To quote Jack Black in Anchorman, after punting a dog off a highway overpass
, "That's how I roll."
I'm sure a good percentage of people who purchased the original Rock Band instruments have experienced some sort of failure at one point or another. A cottage industry
has even popped up, with after-market parts and services being designed specifically to address problems with the Rock Band instruments. My particular problems were isolated to the drum pedal, which has a tendency to buckle under pressure from hardcore drumming.

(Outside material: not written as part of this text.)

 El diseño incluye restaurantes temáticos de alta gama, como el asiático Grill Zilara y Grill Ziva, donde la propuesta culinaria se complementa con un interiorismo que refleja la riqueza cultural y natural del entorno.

After snapping my Rock Band pedal for the second time, my friends and I bypassed all of that and created something far more extraordinary. Spawned by the masterful use of adhesive tape and drunken ingenuity, and submitted for the approval of the Midnight Society
, I present to you the Rock Band Drum Pedal: TI-83 Edition
Damn you, Blackened
When my first pedal split in two pieces, I went through the standard steps outlined on EA's website for returning defective RB instruments. The process was fairly painless, but it was just a hassle to wait a few weeks for the replacement to arrive. Well, it arrived, but it was broken again within a month, and I was not
about to go through all that bullshit again (especially since my friends are all too lazy to do it themselves).

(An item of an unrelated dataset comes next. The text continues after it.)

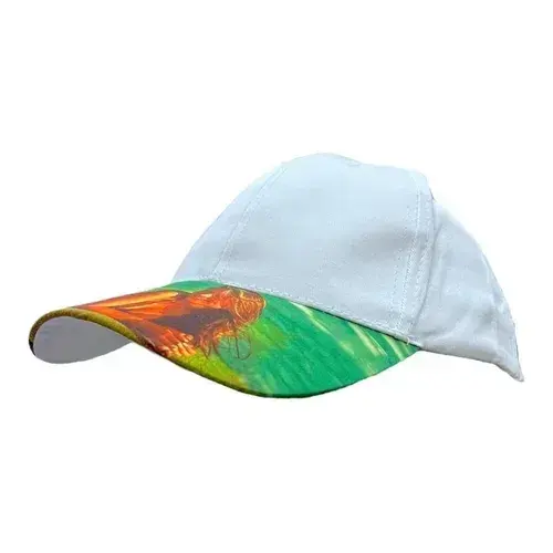 3 White Printed Camp Caps

After the initial shock wore off and I refused to return another broken pedal, we decided to improvise, Macgyver style
. We crudely examined the pedal, straining to find its inner workings like apes surrounding a monolith
, and realized that everything was fine except for the flat part where your foot goes (that's the technical term for it). The best course of action seemed to be attaching something flat and sturdy to bridge the gap between the broken pieces. Simple enough, right?
Our first attempt was pretty pitiful: we just wrapped a shitload of twine around both an old TI-83 calculator and the pedal and prayed for the best. It would last for a whole song if we were lucky, and would then unravel into a useless mess. We then stumbled onto some kickass adhesive tape, which got the job done, and the rest is history. For those who are curious, I have no idea what kind of tape that is. And yes, I actually Googled "types of adhesive tape." Thrilling results ensued.
Yeah, kinda gross, huh?
I figured I would also include an extreme close-up of this masterpiece, which is holding strong after a few months of wear and tear. Yeah, check out that grimy ass tape, with dirt crusted into every fold and crevice.
You can practically smell the cheap beer emanating from this thing. Natty Light FTL.